Datadynamics contains several metrics for comparing similarity between simulations.

Optimal Transport Dataset Distance (OTDD)

otdd(d1_collections_filename, d2_collections_filename, include_timestamps=True)

Optimal transport dataset distance between two collections over time.

The collections must be of equal length and created using datadynamics.utils.post_processing.save_collections. We use Microsoft's OTDD library to compute the distance between the collections for each timestamp to see how the distance changes over time during the simulation.

Warning

This function requires the OTDD library to be installed which is not included by default in datadynamics.

Note

We skip any timestamps for which the distance cannot be computed. Also, the OTDD values will likely not be affected by whether or not timestamps are included in the input features.

Parameters:

Name Type Description Default
d1_collections_filename str

The filename of the first collection.

required
d2_collections_filename str

The filename of the second collection.

required
include_timestamps bool

Whether to include timestamps in the input features. Defaults to True.

True

Returns:

Name Type Description
tuple

A tuple of two lists. The first list contains the timestamps for which the distance was computed. The second list contains the distances for each timestamp.

Source code in datadynamics/utils/metrics/otdd.py
def otdd(
    d1_collections_filename, d2_collections_filename, include_timestamps=True
):
    """Optimal transport dataset distance between two collections over time.

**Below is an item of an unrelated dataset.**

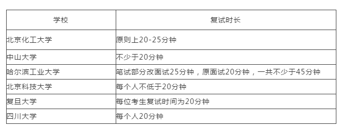 一般來講,復試時間在20-30分鐘,英語時長為3-5分鐘,剩下較多時間為專業(yè)課提問。但目前復試方案里公布復試時長的學校,發(fā)現(xiàn)基本也集中在20分鐘。

    The collections must be of equal length and created using
    datadynamics.utils.post_processing.save_collections. We use Microsoft's
    OTDD library to compute the distance between the collections for each
    timestamp to see how the distance changes over time during the simulation.

    Warning:
        This function requires the OTDD library to be installed which is not
        included by default in datadynamics.

    Note:
        We skip any timestamps for which the distance cannot be computed.
        Also, the OTDD values will likely not be affected by whether or not
        timestamps are included in the input features.

    Args:
        d1_collections_filename (str): The filename of the first collection.
        d2_collections_filename (str): The filename of the second collection.
        include_timestamps (bool, optional): Whether to include timestamps in
            the input features. Defaults to True.

    Returns:
        tuple: A tuple of two lists. The first list contains the timestamps
            for which the distance was computed. The second list contains the
            distances for each timestamp.
    """
    with open(d1_collections_filename, "rb") as f:
        d1_collections = pickle.load(f)
    with open(d2_collections_filename, "rb") as f:
        d2_collections = pickle.load(f)

    d1_timestamps, d1_feats, d1_targets = extract.feats_targets_timestamps(
        d1_collections, include_timestamps
    )
    d2_timestamps, d2_feats, d2_targets = extract.feats_targets_timestamps(
        d2_collections, include_timestamps
    )
    n1, n2 = len(d1_timestamps), len(d2_timestamps)
    assert n1 == n2, "The collections must be of equal length."

    completed_timestamps = []
    distances = []

    for i in tqdm.tqdm(range(1, n1 + 1), desc="Computing OTDD"):
        try:
            d1 = dataset_from_numpy(d1_feats[:i], d1_targets[:i])
            d2 = dataset_from_numpy(d2_feats[:i], d2_targets[:i])
            dist = DatasetDistance(d1, d2, inner_ot_method="exact")
            d = dist.distance(maxsamples=1000)
            distances.append(d.item())
            completed_timestamps.append(d1_timestamps[i - 1])
        except Exception as e:
            print(f"Skipping {i} due to {e}...")
            continue

    return completed_timestamps, distances